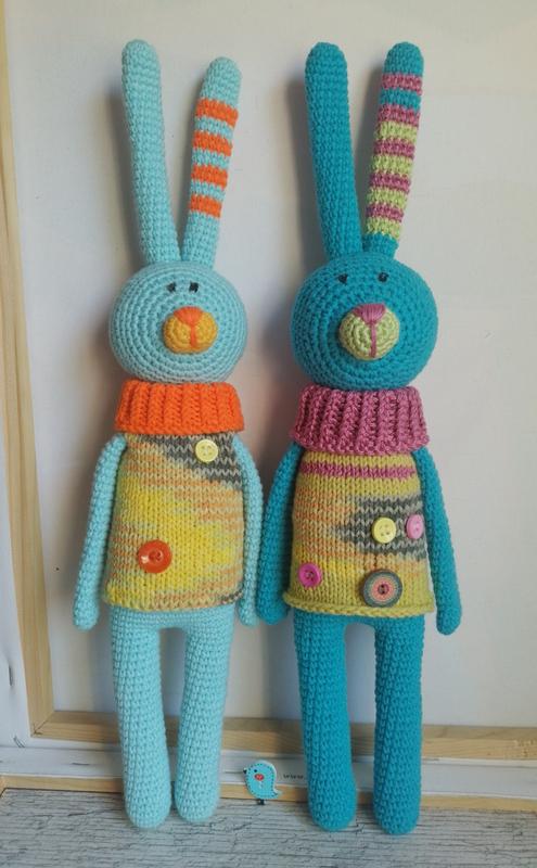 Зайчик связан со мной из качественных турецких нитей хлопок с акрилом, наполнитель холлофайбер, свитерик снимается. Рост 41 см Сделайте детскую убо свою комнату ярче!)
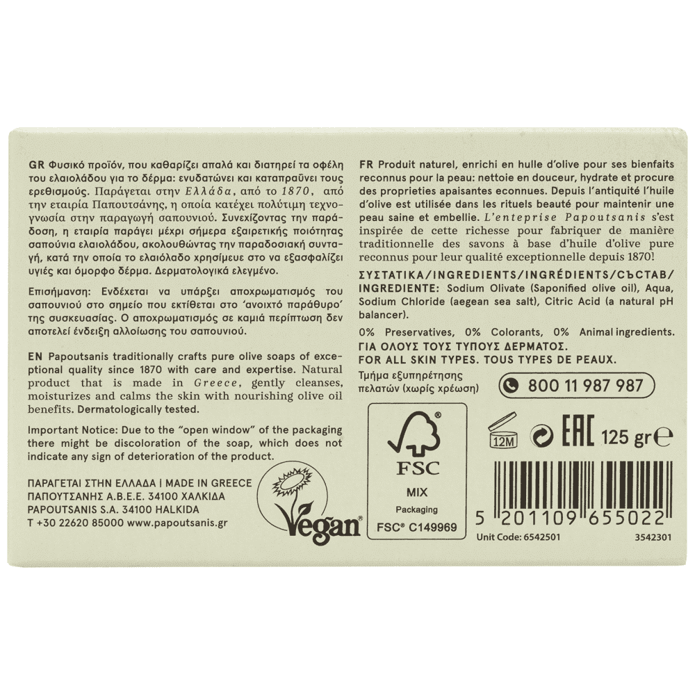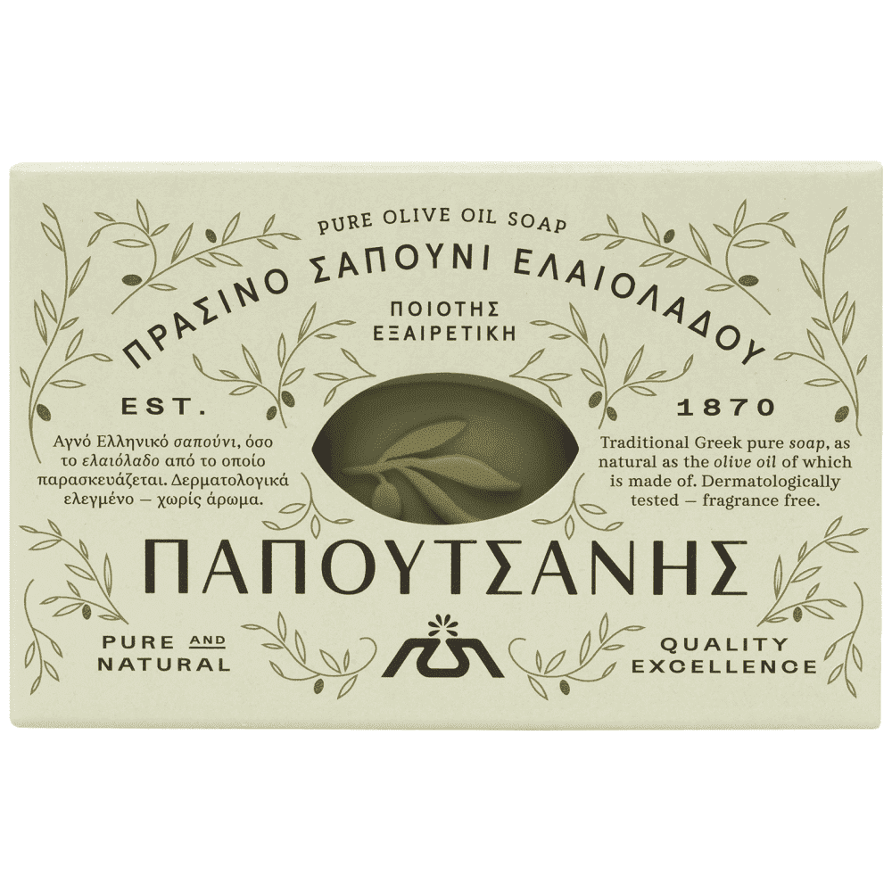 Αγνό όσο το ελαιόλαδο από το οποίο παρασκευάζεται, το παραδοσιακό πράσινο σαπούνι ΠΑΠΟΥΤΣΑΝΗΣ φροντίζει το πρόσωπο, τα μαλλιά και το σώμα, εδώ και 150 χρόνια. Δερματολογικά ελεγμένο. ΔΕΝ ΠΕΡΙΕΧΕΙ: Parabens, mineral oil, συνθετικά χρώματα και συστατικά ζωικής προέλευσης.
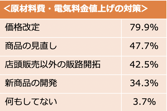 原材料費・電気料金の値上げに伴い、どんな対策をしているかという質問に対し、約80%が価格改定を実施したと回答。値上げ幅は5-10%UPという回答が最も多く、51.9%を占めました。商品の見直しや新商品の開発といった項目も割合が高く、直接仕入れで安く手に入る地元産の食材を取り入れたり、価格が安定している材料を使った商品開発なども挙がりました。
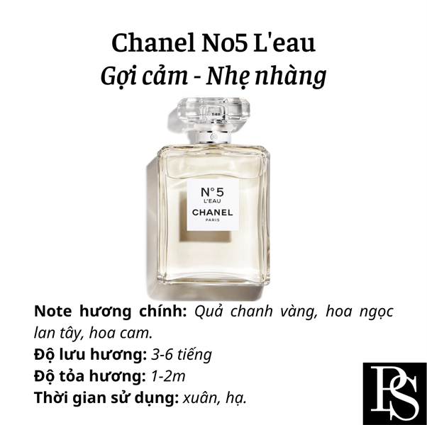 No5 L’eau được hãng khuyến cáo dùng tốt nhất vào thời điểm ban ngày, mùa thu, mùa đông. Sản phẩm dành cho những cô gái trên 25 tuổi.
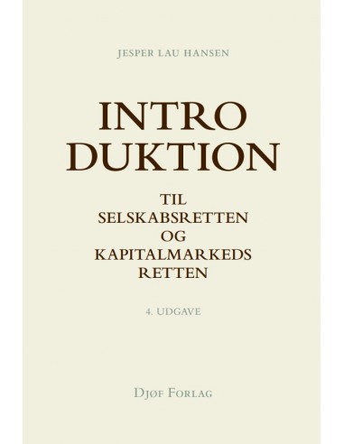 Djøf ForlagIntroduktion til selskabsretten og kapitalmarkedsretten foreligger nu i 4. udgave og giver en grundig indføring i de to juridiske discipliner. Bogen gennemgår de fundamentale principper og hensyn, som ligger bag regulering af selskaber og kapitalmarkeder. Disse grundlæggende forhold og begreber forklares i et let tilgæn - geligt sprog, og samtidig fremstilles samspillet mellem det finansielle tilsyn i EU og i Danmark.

================================

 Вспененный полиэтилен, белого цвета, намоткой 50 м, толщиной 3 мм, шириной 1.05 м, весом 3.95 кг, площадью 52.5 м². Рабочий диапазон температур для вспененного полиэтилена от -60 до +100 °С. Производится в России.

================================

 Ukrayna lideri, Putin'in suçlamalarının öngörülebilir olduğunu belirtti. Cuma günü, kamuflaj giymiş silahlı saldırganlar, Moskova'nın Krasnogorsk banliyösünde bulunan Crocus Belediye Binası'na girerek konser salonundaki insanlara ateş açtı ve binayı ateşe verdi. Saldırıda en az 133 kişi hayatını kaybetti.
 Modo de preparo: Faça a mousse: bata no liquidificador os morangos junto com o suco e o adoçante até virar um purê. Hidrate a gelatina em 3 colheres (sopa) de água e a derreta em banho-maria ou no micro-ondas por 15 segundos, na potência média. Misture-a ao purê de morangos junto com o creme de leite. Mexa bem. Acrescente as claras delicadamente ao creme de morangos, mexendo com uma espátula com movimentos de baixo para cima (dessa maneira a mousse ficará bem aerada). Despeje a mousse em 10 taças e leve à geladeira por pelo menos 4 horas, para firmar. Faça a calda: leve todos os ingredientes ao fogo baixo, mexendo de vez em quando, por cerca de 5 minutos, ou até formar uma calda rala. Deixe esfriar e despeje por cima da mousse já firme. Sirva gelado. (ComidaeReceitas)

================================

TASK DETAILS: Within the listing above, copy exactly the lines that start at the one with "原材料費・電気料金の値上げに" and continue through the one with "Djøf ForlagIntroduktion til". Omit pictures.

YOUR SOLUTION:
 原材料費・電気料金の値上げに伴い、どんな対策をしているかという質問に対し、約80%が価格改定を実施したと回答。値上げ幅は5-10%UPという回答が最も多く、51.9%を占めました。商品の見直しや新商品の開発といった項目も割合が高く、直接仕入れで安く手に入る地元産の食材を取り入れたり、価格が安定している材料を使った商品開発なども挙がりました。
 No5 L’eau được hãng khuyến cáo dùng tốt nhất vào thời điểm ban ngày, mùa thu, mùa đông. Sản phẩm dành cho những cô gái trên 25 tuổi.
 Djøf ForlagIntroduktion til selskabsretten og kapitalmarkedsretten foreligger nu i 4. udgave og giver en grundig indføring i de to juridiske discipliner. Bogen gennemgår de fundamentale principper og hensyn, som ligger bag regulering af selskaber og kapitalmarkeder. Disse grundlæggende forhold og begreber forklares i et let tilgæn - geligt sprog, og samtidig fremstilles samspillet mellem det finansielle tilsyn i EU og i Danmark.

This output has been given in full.